In sum, we hold that, even assuming that the transactions for which defendants were prosecuted took place exclusively within the territory of the St. Regis Mohawk Indian Reservation, defendants were required by Section 6050I to report those transactions to the IRS.

II. Mens Rea

 Defendants argue in the alternative that, even assuming that Section 6050I applies to the transactions in question, the respective Informations to which they pled guilty should be dismissed because they did not willfully violate the reporting requirements of Section 6050I.   The Government responds that defendants waived this argument upon entry of their respective conditional guilty pleas to the charged violations of Section 6050I.   We agree.   See Hayle v.
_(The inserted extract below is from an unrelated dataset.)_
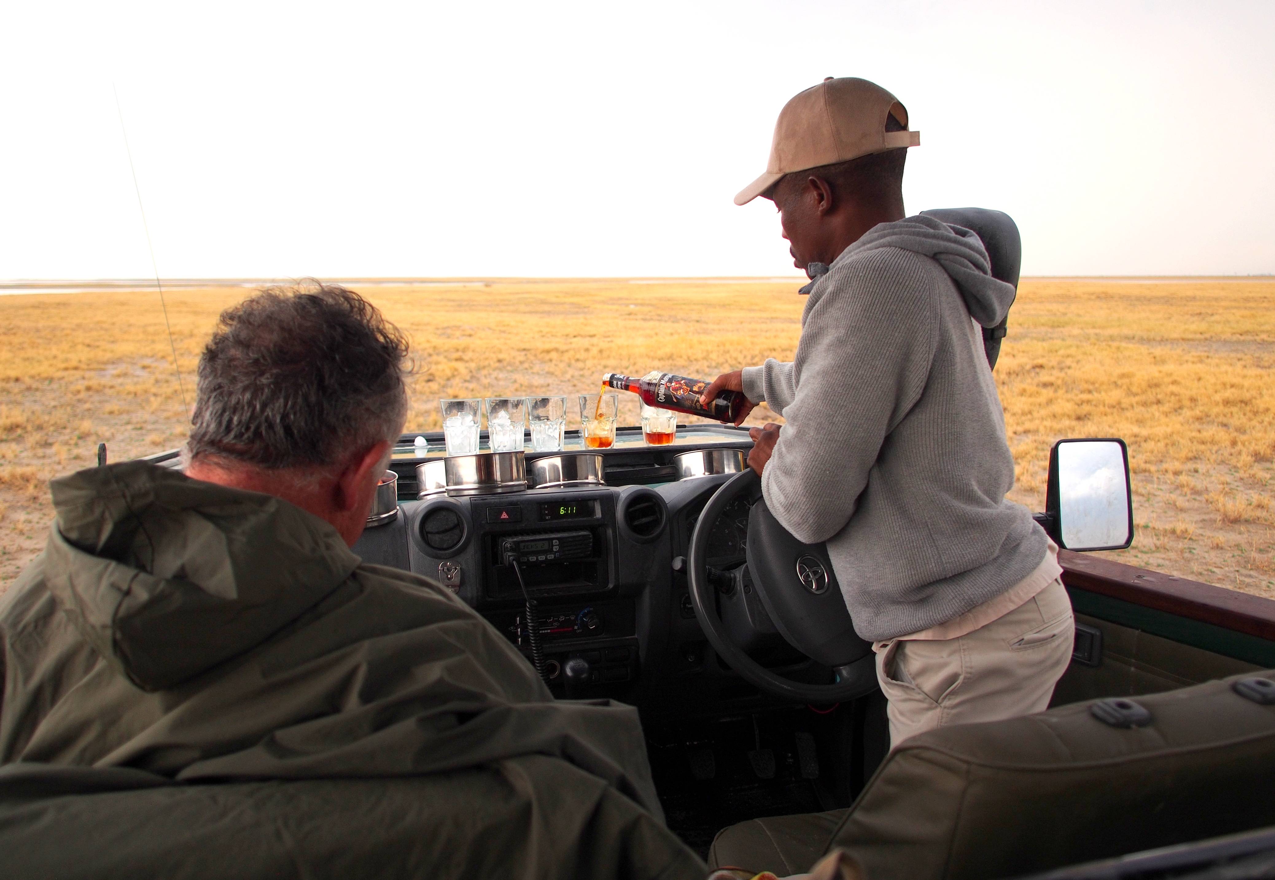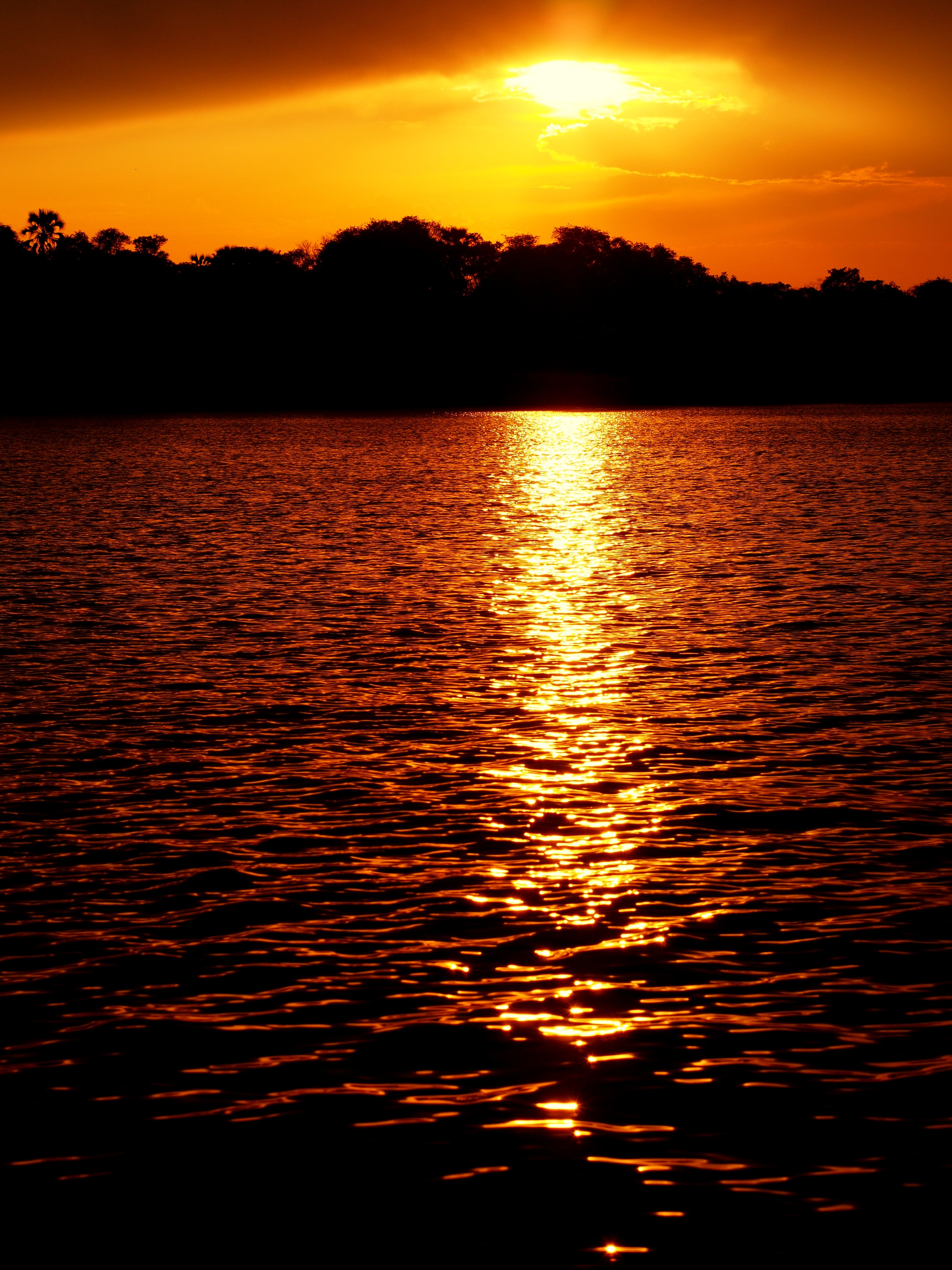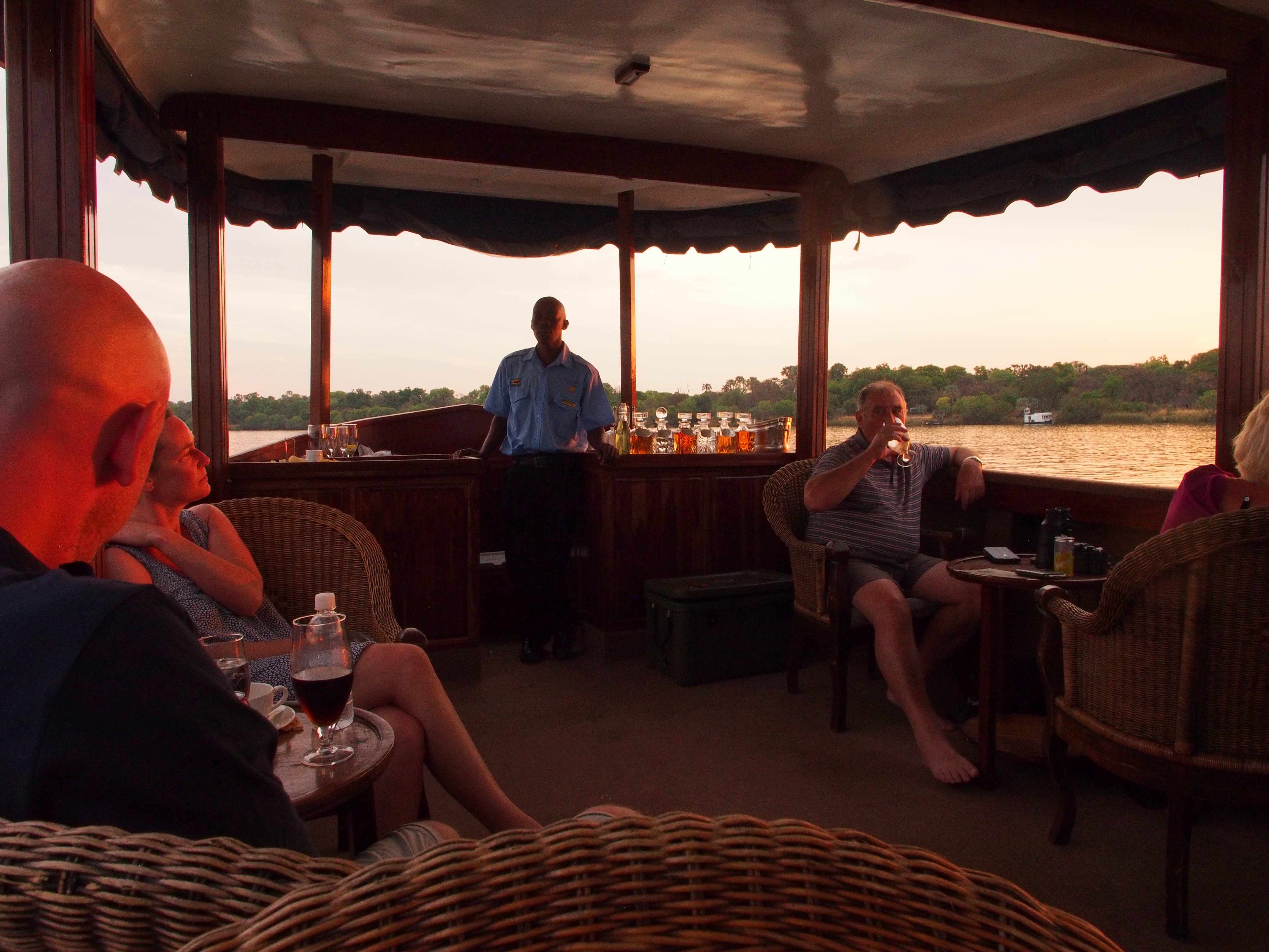 Nach gut einer Stunde Fahrt auf dem Sambesi, immer wieder Rotwein und einigen Tiersichtungen lehnt man sich nun relaxt zurück und schaut der Sonne bei ihrem täglichen Geschäft zu.

United States, 815 F.2d 879, 881 (2d Cir.1987) (“It is well settled that a defendant's plea of guilty admits all of the elements of a formal criminal charge, and, in the absence of a court-approved reservation of issues for appeal, waives all challenges to the prosecution except those going to the Court's jurisdiction.”) (internal citation omitted).   To be sure, the district court below approved reservation of an issue for appeal, but it was not the issue of whether defendants willfully violated Section 6050I.   Rather, it was the issue of whether this section applies to transactions that occurred exclusively within the Reservation.


For the reasons discussed, defendants' respective judgments of conviction and sentence are affirmed.
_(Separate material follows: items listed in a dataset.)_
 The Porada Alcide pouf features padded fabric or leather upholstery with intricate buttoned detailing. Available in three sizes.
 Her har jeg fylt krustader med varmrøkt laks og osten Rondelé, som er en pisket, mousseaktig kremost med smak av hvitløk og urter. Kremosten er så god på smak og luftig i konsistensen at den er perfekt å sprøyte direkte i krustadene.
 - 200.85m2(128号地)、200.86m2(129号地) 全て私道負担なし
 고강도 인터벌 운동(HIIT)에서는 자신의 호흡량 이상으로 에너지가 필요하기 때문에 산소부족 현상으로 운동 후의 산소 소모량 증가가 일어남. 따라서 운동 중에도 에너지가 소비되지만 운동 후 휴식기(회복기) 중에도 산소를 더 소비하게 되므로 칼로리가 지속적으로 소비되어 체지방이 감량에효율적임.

1.   We note that in the course of correctly charging the offense of willful failure to file currency transaction reports on Internal Revenue Service Form 8300, as required by 26 U.S.C. § 6050I, the Informations added the incorrect assertion that this conduct violated 31 U.S.C. § 5313(a).   The latter section covers the requirement on financial institutions to file reports on IRS Form 4789, not the requirement to file reports on Form 8300.   As no prejudice or confusion resulted from this surplusage, and it is not raised on appeal, we mention the point only for clarification.

2.   This exception derives from 26 U.S.C. § 6050I(c)(2), which provides that “[e]xcept to the extent provided in regulations prescribed by the Secretary, [the reporting requirement of Section 6050I(a) ] shall not apply to any transaction if the entire transaction occurs outside the United States.”

3.   Section 6050I(a) is a statute of general applicability because it applies by its terms to “[a]ny person.”

4.   We note that, in United States v. Markiewicz, this Court held that criminal statutes concerning (i) Indian on Indian offenses occurring on Indian reservations, and (ii) offenses other than the 13 offenses enumerated in the Indian Major Crimes Act, 18 U.S.C. § 1153, apply to Indians, provided that the offenses are ones “ ‘as to which there is an independent federal interest to be protected.’ ” 978 F.2d 786, 800 (2d Cir.1992) (quoting United States v. Wheeler, 435 U.S. 313, 331 n. 32, 98 S.Ct. 1079, 55 L.Ed.2d 303 (1978)).   Defendants appear to refer to this test when they contend that the transactions for which they were prosecuted “were exclusively between and among Indians on Indian land.”   This contention, however, is insufficient to require application of the Markiewicz test.   Defendants were not prosecuted for engaging in business transactions with other Indians.   Indeed, they were not prosecuted for any Indian-on-Indian offense.   The only possible victim of a violation of Section 6050I is the United States itself.Furthermore, even if it were appropriate to apply the Markiewicz test to this case, such application would yield the result that these statutes were applicable to defendants' conduct on the ground that they protect independent federal interests, namely, the federal government's interest in discouraging money laundering and collecting tax revenues.   See Bickham Lincoln-Mercury Inc. v. United States, 168 F.3d 790, 793 (5th Cir.1999) ( “The purpose of [Section 6050I's] reporting requirement is to detect money laundering schemes.”).